Page fault - Access to the entire 512 MB memory
fork mean: 0.000742 ms
COW PTE mean: 0.000045 ms
uffd (wp) mean: 0.002676 ms
uffd (copy-page) mean: 0.008667 ms

The second experiment simulates real-world applications with sparse
accesses. The program randomly accesses the memory by writing to one
random page 1 million times and calculates the average access time.
Since the number of fork and COW PTE are too close to each other, we
cannot simply conclude which one is faster, so we run both 100 times
to get the averages. The result shows that COW PTE (0.000027 ms) is
similar to normal fork (0.000028 ms) and is 2.3x faster than uffd-wp
(0.000060 ms).

Page fault - Random access
fork mean: 0.000028 ms
COW PTE mean: 0.000027 ms
uffd (wp) mean: 0.000060 ms
uffd (copy-page) mean: 0.002363 ms

All the tests were run with QEMU and the kernel was built with the
x86_64 default config.

Summary
=======

In summary, COW PTE reduces the memory footprint of processes and
improves the initialization and page fault latency for various
applications, which would be important to some frameworks that require
very low execution startup (e.g., serverless framework) or
high-throughput short executions of child processes (e.g., testing).

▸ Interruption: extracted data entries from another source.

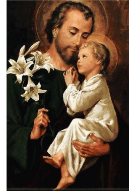
Prayer to St. Joseph over 1900 years old

O St. Joseph, whose protection is so great, so strong, so prompt before the Throne of God, I place in you all my interests and desires. O St. Joseph, do assist me by your powerful intercession and obtain for me from your Divine Son all spiritual blessings through Jesus Christ, Our Lord; so that, having engaged here below your Heavenly power, I may offer my thanksgiving and homage to the most loving of fathers. O St. Joseph, I never weary contemplating you and Jesus asleep in your arms. I dare not approach while He reposes near your heart. Press Him in my name and kiss His fine Head for me, and ask Him to return the Kiss when I draw my dying breath. St. Joseph, patron of departing souls, pray for us. Amen.
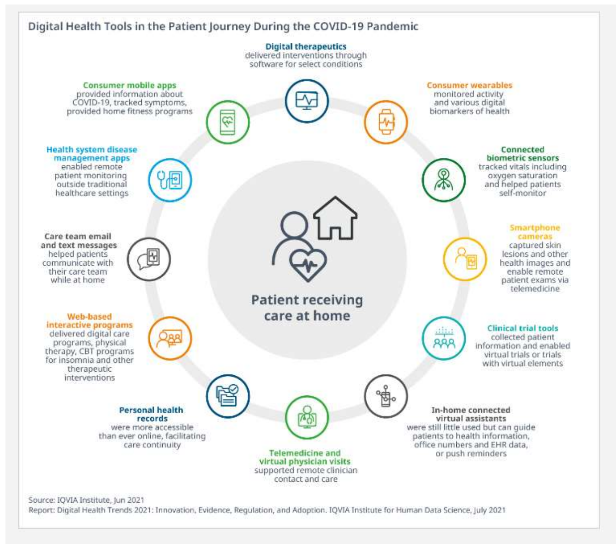
Figure 1. Examples of Types of Digital Health Tools.

Digital health is a broad, multi-faceted term used to describe a broad category of practices, products, and processes (Figure 1). The FDA describes digital health as “the broad scope of digital health includes categories such as mobile health (mHealth), health information technology (IT), wearable devices, telehealth and telemedicine, and personalized medicine. The World Health Organization, in its guidelines on the topic, describes digital health as “a broad umbrella term encompassing eHealth (which includes mHealth), as well as emerging areas, such as the use of advanced computing sciences in ‘big data,’ genomics, and artificial intelligence.” The American Medical Association, in reporting on a 2019 survey , stated that “digital health encompasses a broad scope of tools that can improve health care, enable lifestyle change and create operational efficiencies. This includes digital solutions involving telemedicine and telehealth, mHealth, wearables, remote monitoring, apps, and others.”
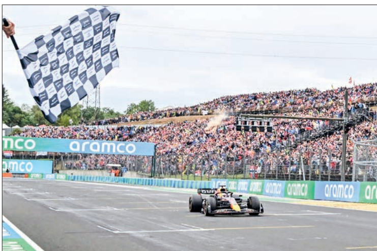
German car giant Audi are to enter Formula One for the first time in 2026 as an engine supplier saying it is the right fit as a global stage for their brand.
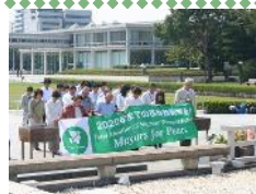
Event in Hiroshima

The United Nations has called for suspending hostile activities on International Day of Peace, September 21, as a global day of ceasefire and non-violence. In support of the aim of the day, an event commemorating this day was held to pray for peace, and to observe one minute of silence in our member cities around the world, such as Hiroshima, Nagasaki, Kashiba, Matsue and Tokaimura of Japan; Kabul, Afghanistan; Auckland, New Zealand; Nairobi, Kenya; Theewaterskloof, South Africa; Dublin, Ireland; Bagheria, Italy; Amsterdam, Netherlands; Geneva, Switzerland; Manchester, UK; Montreal, Ottawa and Winnipeg of Canada; Albany, Ashland, Boston, Chicago and Philadelphia of USA and Campo Grande, Brazil.
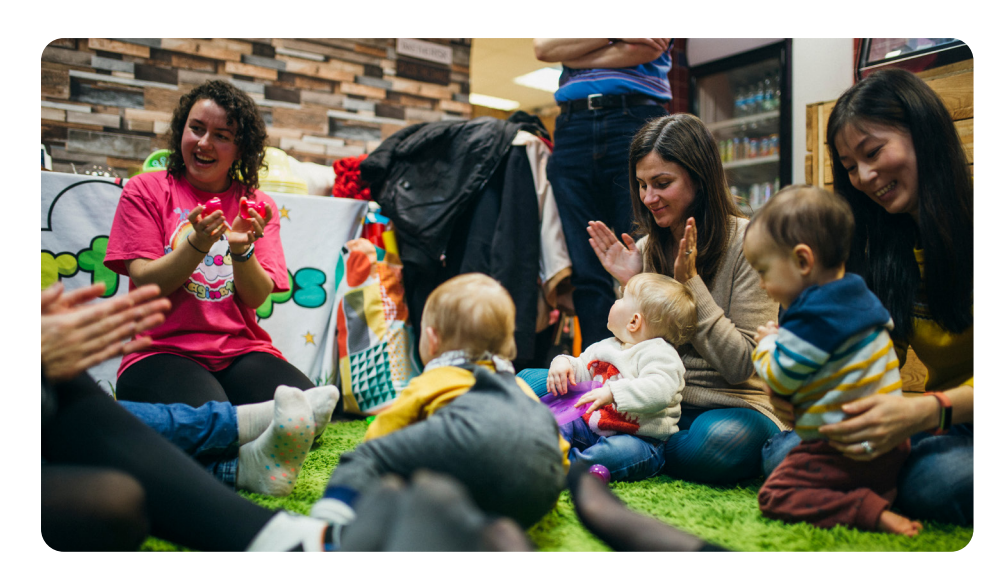
Nursery rhymes are traditional children's songs or rhymes.
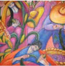
5 The Harvest Gilberto Guzman 128 5th and Copper Parking Structure
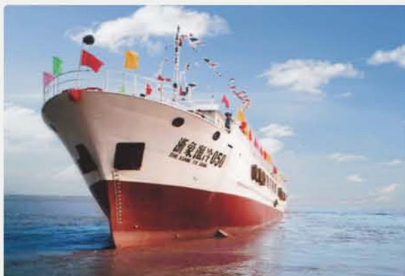
“浙象渔冷050”号--冷藏冷冻渔运船 “ZHE XIANG YU LENG 050” Refrigerated Fish Carrier

This patch is based on the paper "On-demand-fork: a microsecond fork
for memory-intensive and latency-sensitive applications" [1] from
Purdue University.

Any comments and suggestions are welcome.

Thanks,
Chih-En Lin

---

TODO list:
- Handle the file-backed and shmem with reclaim.
- Handle OOM, KSM, page table walker, and migration.
- Deal with TLB flush in the break COW PTE handler.

RFC v1 -> RFC v2
- Change the clone flag method to sysctl with PID.
- Change the MMF_COW_PGTABLE flag to two flags, MMF_COW_PTE and
MMF_COW_PTE_READY, for the sysctl.
- Change the owner pointer to use the folio padding.
- Handle all the VMAs that cover the PTE table when doing the break COW PTE.
- Remove the self-defined refcount to use the _refcount for the page
table page.
- Add the exclusive flag to let the page table only own by one task in
some situations.
- Invalidate address range MMU notifier and start the write_seqcount
when doing the break COW PTE.
- Handle the swap cache and swapoff.

RFC v1: https://lore.kernel.org/all/20220519183127.3909598-1-shiyn.lin@xxxxxxxxx/

[1] https://dl.acm.org/doi/10.1145/3447786.3456258

This patch is based on v6.0-rc5.

---

Chih-En Lin (9):
mm: Add new mm flags for Copy-On-Write PTE table
mm: pgtable: Add sysctl to enable COW PTE
mm, pgtable: Add ownership to PTE table
mm: Add COW PTE fallback functions
mm, pgtable: Add a refcount to PTE table
mm, pgtable: Add COW_PTE_OWNER_EXCLUSIVE flag
mm: Add the break COW PTE handler
mm: Handle COW PTE with reclaim algorithm
mm: Introduce Copy-On-Write PTE table

include/linux/mm.h | 2 +
include/linux/mm_types.h | 5 +-
include/linux/pgtable.h | 140 +++++++++++++
include/linux/rmap.h | 2 +
include/linux/sched/coredump.h | 8 +-
kernel/fork.c | 5 +
kernel/sysctl.c | 8 +
mm/Makefile | 2 +-
mm/cow_pte.c | 39 ++++
mm/gup.c | 13 +-
mm/memory.c | 360 ++++++++++++++++++++++++++++++++-
mm/mmap.c | 3 +
mm/mremap.c | 3 +
mm/page_vma_mapped.c | 5 +
mm/rmap.c | 2 +-
mm/swapfile.c | 1 +
mm/vmscan.c | 1 +
17 files changed, 587 insertions(+), 12 deletions(-)
create mode 100644 mm/cow_pte.c

--
2.37.3